2. Bir işi istemeyerek baskı altında yapma.
3. (Din.) Şeriatın kesin olarak yasaklamadığı, fakat harama yakın olma ihtimalinden dolayı çekinilmesi gereken şeyin durumu, mekruh olma hâli.
KERÂHET VAKTİ
Kerâhet vakti, güneşin doğuş, batış ve tam tepede bulunduğu vakte denir.
İslam dinine göre kerâhet vakitlerinde namaz kılınması mekruh’tur. Farz ve Nafile bütün namazların kılınmasının mekruh olduğu vakitler üçtür:
a. Güneşin doğuşundan itibaren ışınları gözleri kamaştırır hâle gelinceye kadarki sabah vakti, kerâhet zamanıdır. Bu vakit, güneşin doğuşundan sonraki takriben 45-50 dakikalık bir zamandır.
b. İkinci kerâhet vakti, istiva vakti de denilen güneşin göğün tepe noktasında olduğu andır.
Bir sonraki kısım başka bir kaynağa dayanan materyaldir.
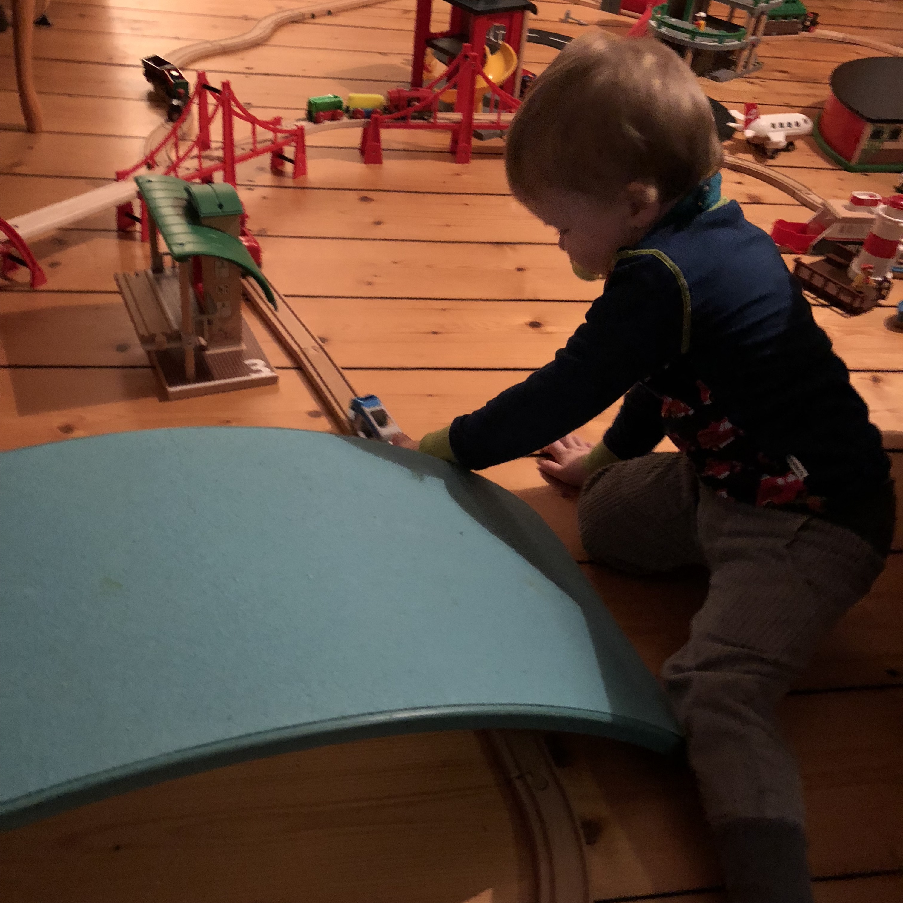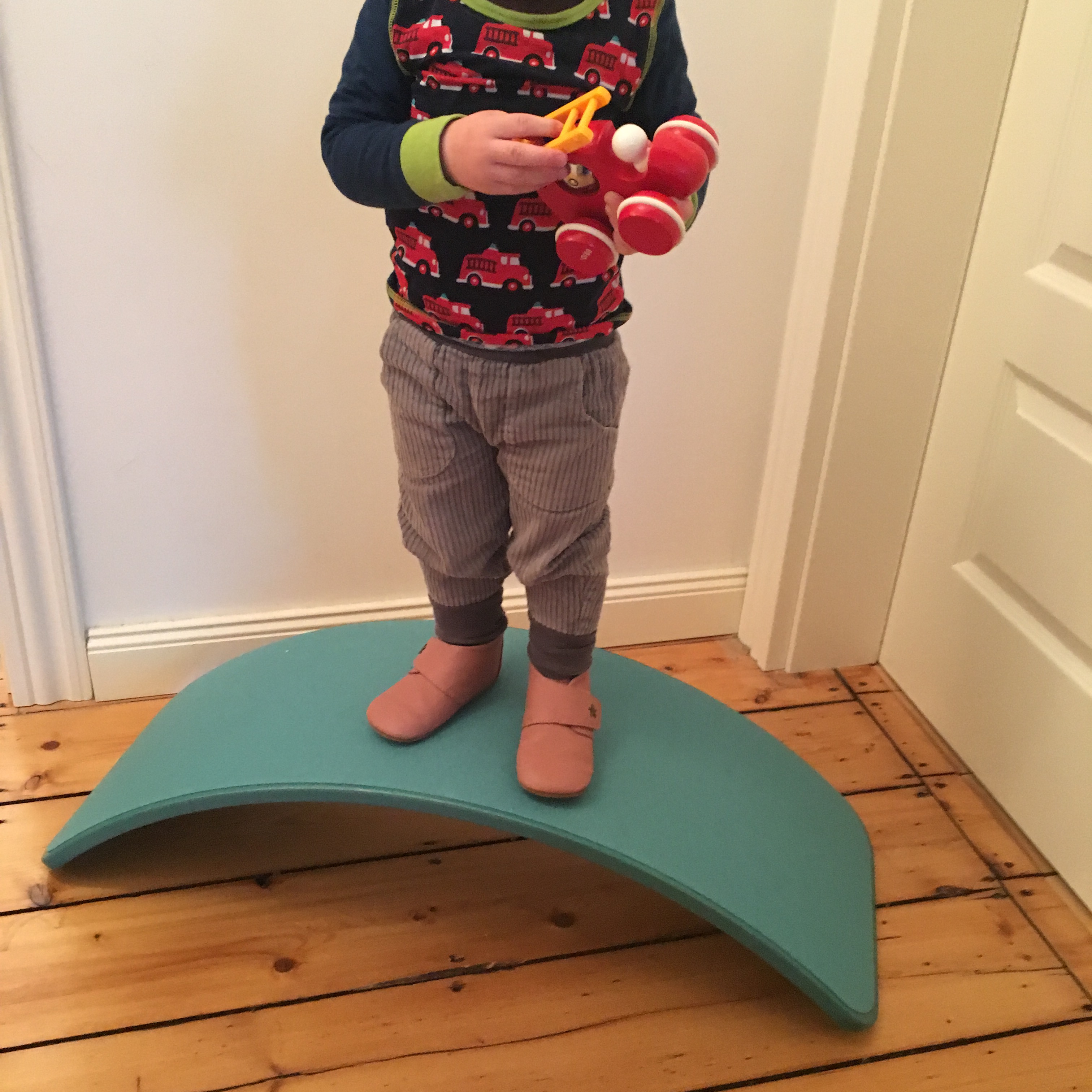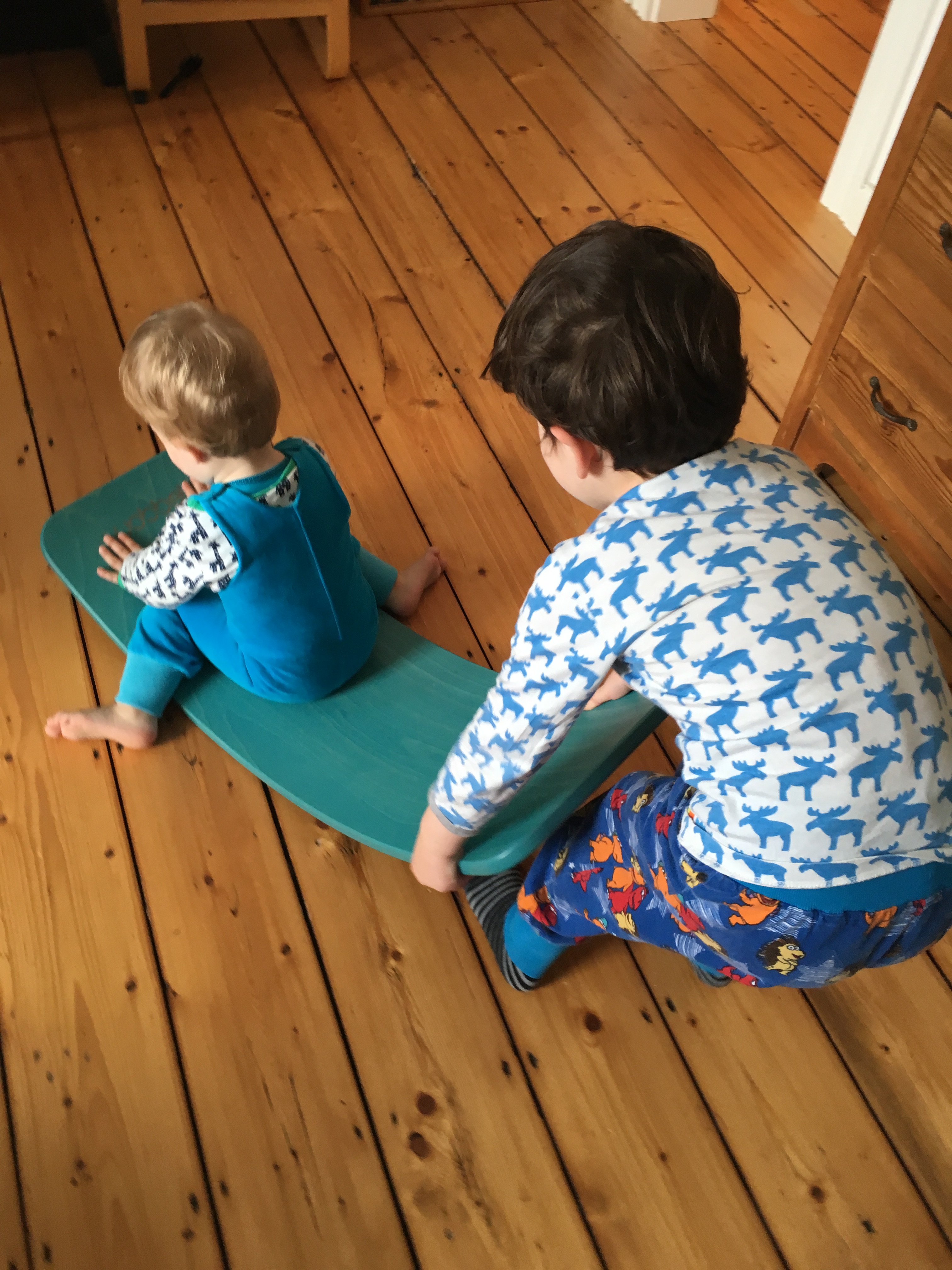 Wir möchten bei uns beide Wobbelboards nicht missen. Der Große hat sein eigenes XL, das in seinem Zimmer steht und er steht immer wieder zwischendurch auf dem Wobbel, er spielt besonders gern Snowboard. Das normale Wobbel steht im Wohnzimmer und wird von den beiden Kleineren dauernd benutzt, ob als Wippe, Rutsche oder um darauf zu Wobbeln. Neulich war es eine Brücke bei der Eisenbahn oder es ist die Abschussrampe für Spielzeugautos. Der Große bezieht das Wobbel weniger ins Spiel ein, für ihn ist es eher Sportgerät.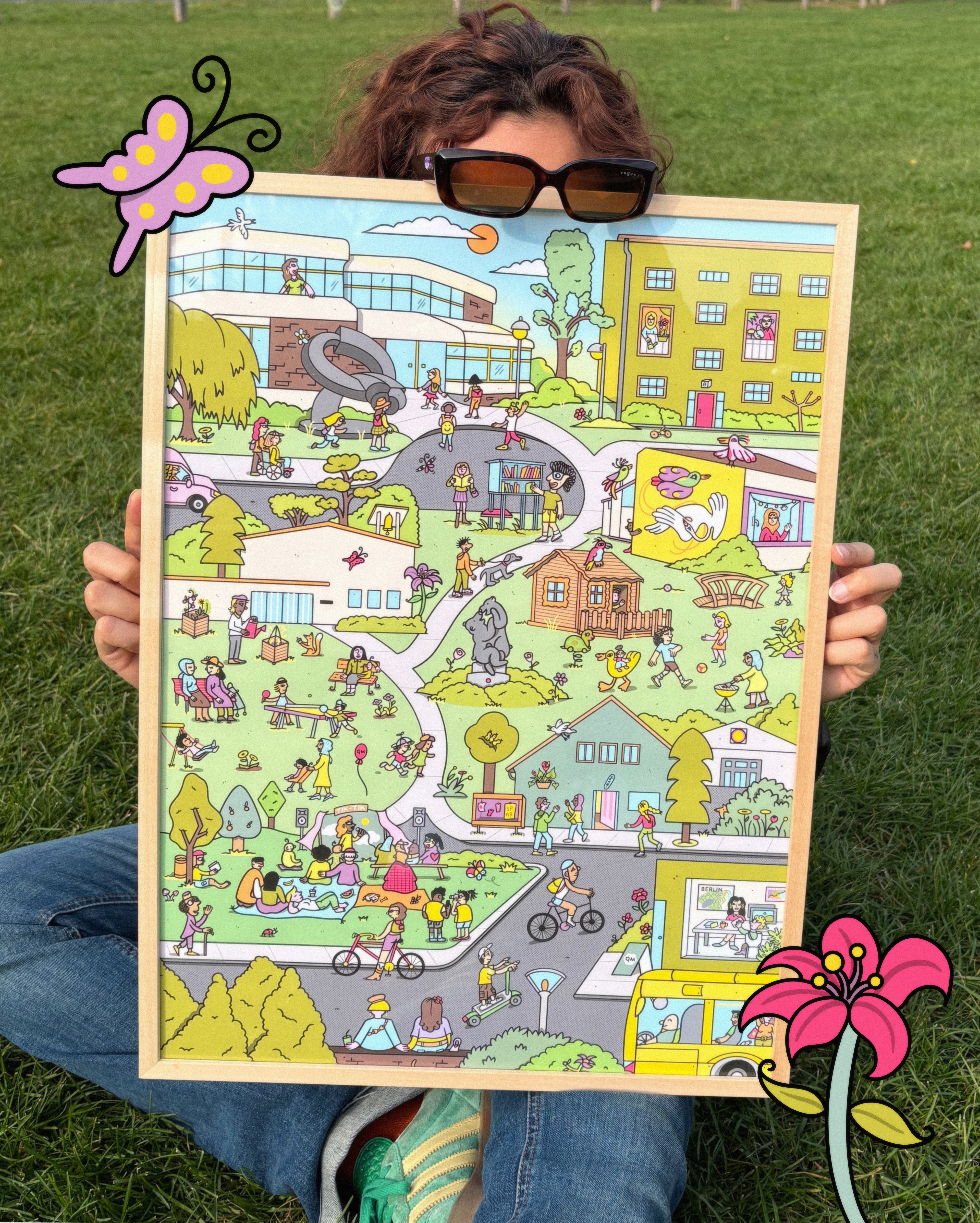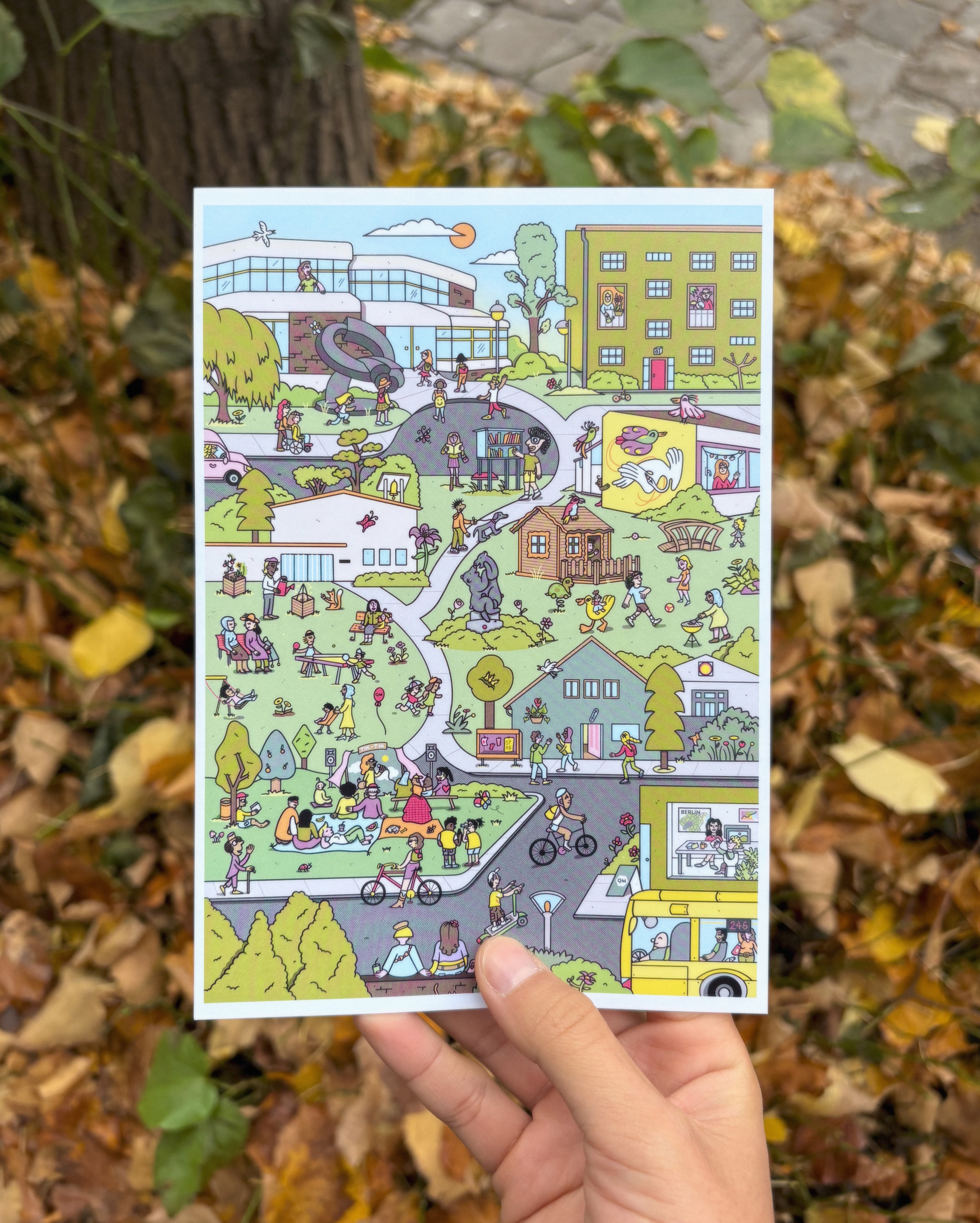 I was commissioned by the Quartier Management of Germaniagarten,Tempelhof-Berlin, to draw the neighborhood for their new campaign aiming to continue to build a strong community. We focused on highlighting educational and cultural activities that neighbors and their families look forward to including their Summer Fest, Theater Group, Kindergarten and School activities. The piece will be used in formats from A2 to A6 as part of their printed and digital communication channels.

Bu an da yaklaşık olarak öğle namazı vaktinden önceki 10 dakikalık zaman dilimi içerisinde yer aldığından bu zaman dilimi içerisinde namaz kılmak mekruhtur.
c. İkindiden sonra, güneşin sarararak göz kamaştırmaz duruma geldiği andan başlayıp güneş batıncaya kadar süren vakit de kerâhet vaktidir. Demek oluyor ki ikindi namazını güneş ışınlarının sararmakta olduğu sıralara kadar geciktirmemeli yani kerahet vaktine bırakmamalıdır. Bu da güneşin batmasından yani akşam ezanı vaktinden 45-50 dk. önce başlayan zaman dilimine karşılık gelir.
Bir de vakt-i kerâhet vardır ki, o da “akşamcıların içki içme saati” demektir.